*Exercise description:* Everything from the line containing "森璐家纺 2024新款1水洗棉被套纯色被套单被套素色被套 浅灰色" down to the last line below should be set down exactly, and only that, without the pictures.

*Supplied material:*
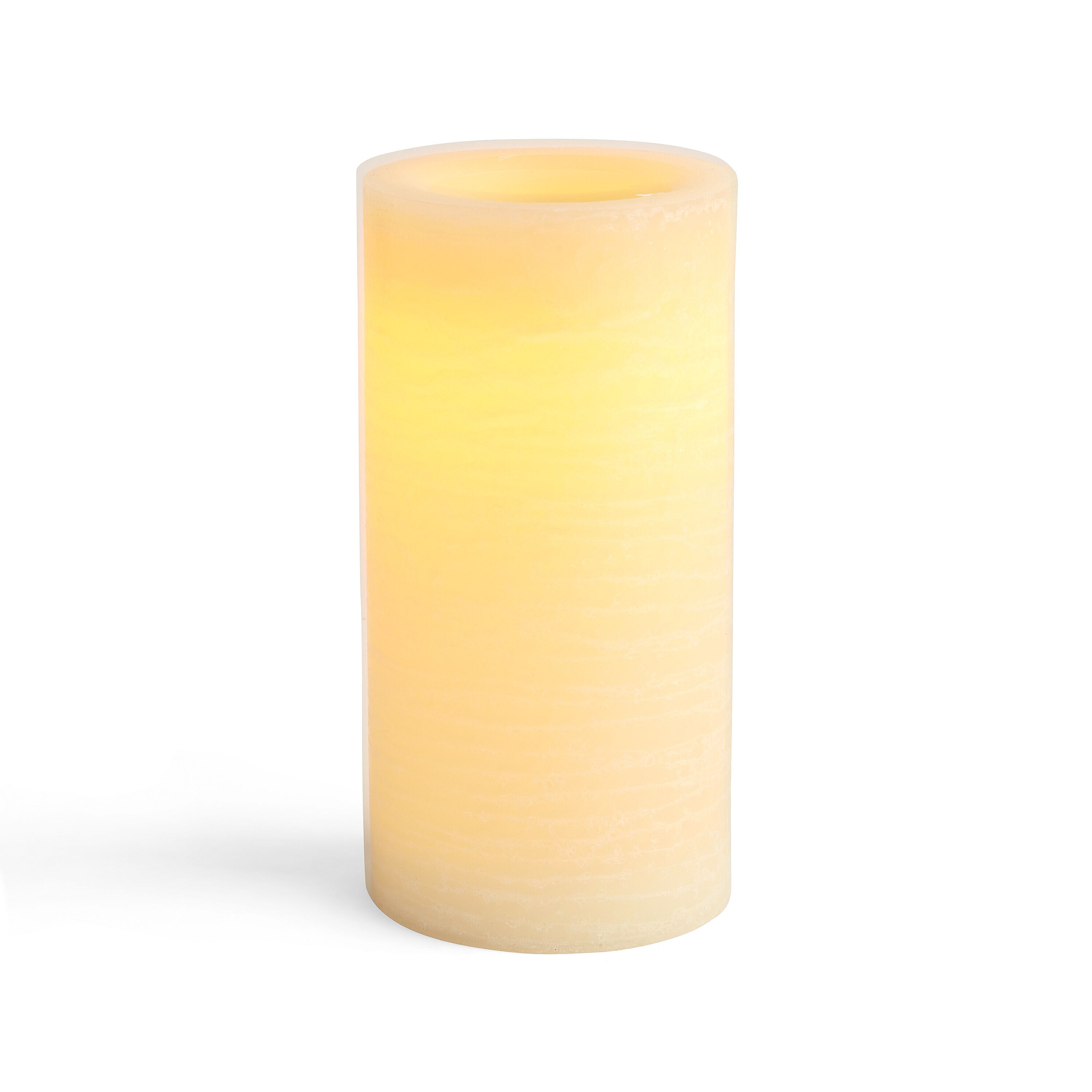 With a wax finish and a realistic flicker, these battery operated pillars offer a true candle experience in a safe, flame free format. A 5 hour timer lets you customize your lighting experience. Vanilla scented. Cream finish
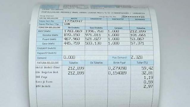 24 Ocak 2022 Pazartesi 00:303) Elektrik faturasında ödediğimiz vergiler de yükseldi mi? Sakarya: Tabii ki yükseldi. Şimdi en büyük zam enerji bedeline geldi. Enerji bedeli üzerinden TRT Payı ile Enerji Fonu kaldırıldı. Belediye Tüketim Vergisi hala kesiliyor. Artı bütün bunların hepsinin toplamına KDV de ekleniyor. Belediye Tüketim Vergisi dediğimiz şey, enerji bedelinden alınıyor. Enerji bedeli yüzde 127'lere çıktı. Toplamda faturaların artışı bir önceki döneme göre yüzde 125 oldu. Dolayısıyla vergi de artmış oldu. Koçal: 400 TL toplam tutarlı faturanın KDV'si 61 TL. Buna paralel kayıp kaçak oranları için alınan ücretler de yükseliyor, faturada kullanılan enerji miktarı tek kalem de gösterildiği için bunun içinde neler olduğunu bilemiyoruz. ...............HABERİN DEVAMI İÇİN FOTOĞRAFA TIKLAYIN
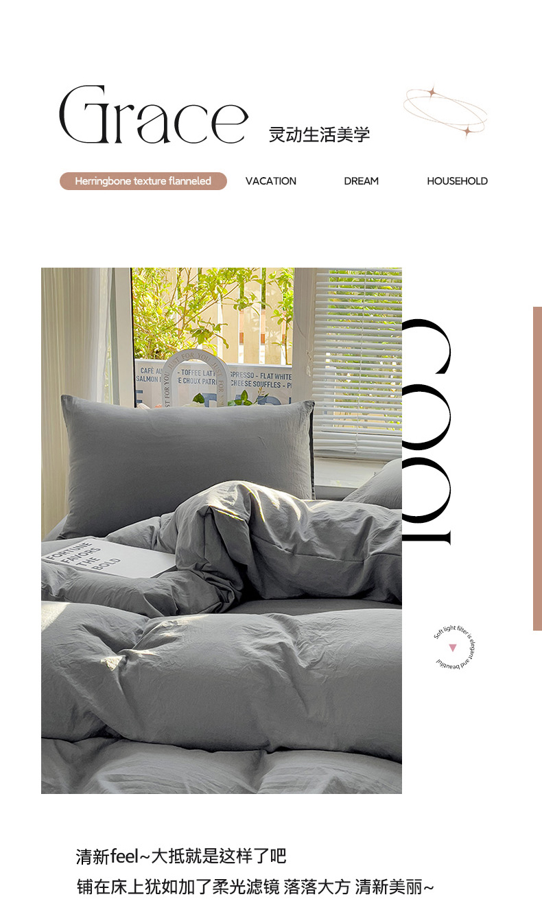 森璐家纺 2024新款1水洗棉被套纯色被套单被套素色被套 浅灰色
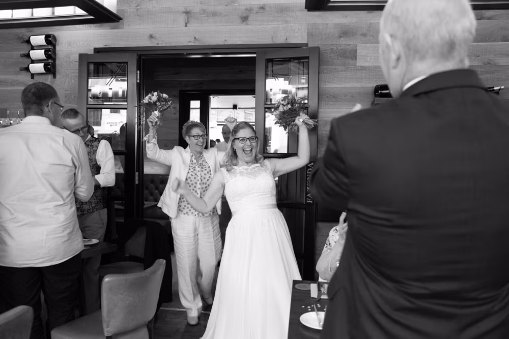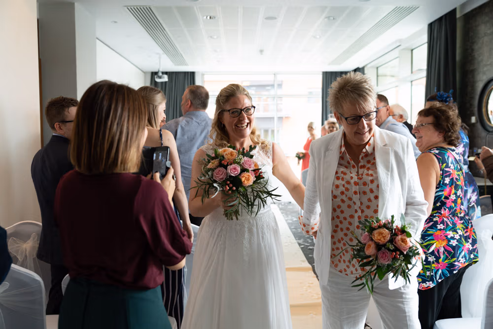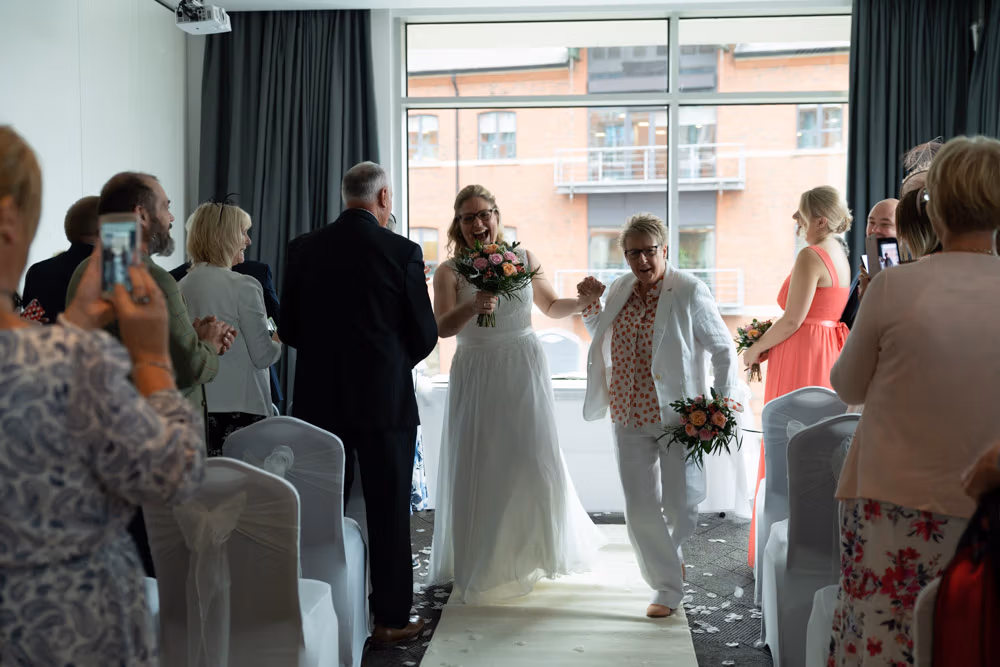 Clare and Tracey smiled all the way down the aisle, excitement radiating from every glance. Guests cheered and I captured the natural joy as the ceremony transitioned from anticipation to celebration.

*Result of the task:*
 森璐家纺 2024新款1水洗棉被套纯色被套单被套素色被套 浅灰色
 Clare and Tracey smiled all the way down the aisle, excitement radiating from every glance. Guests cheered and I captured the natural joy as the ceremony transitioned from anticipation to celebration.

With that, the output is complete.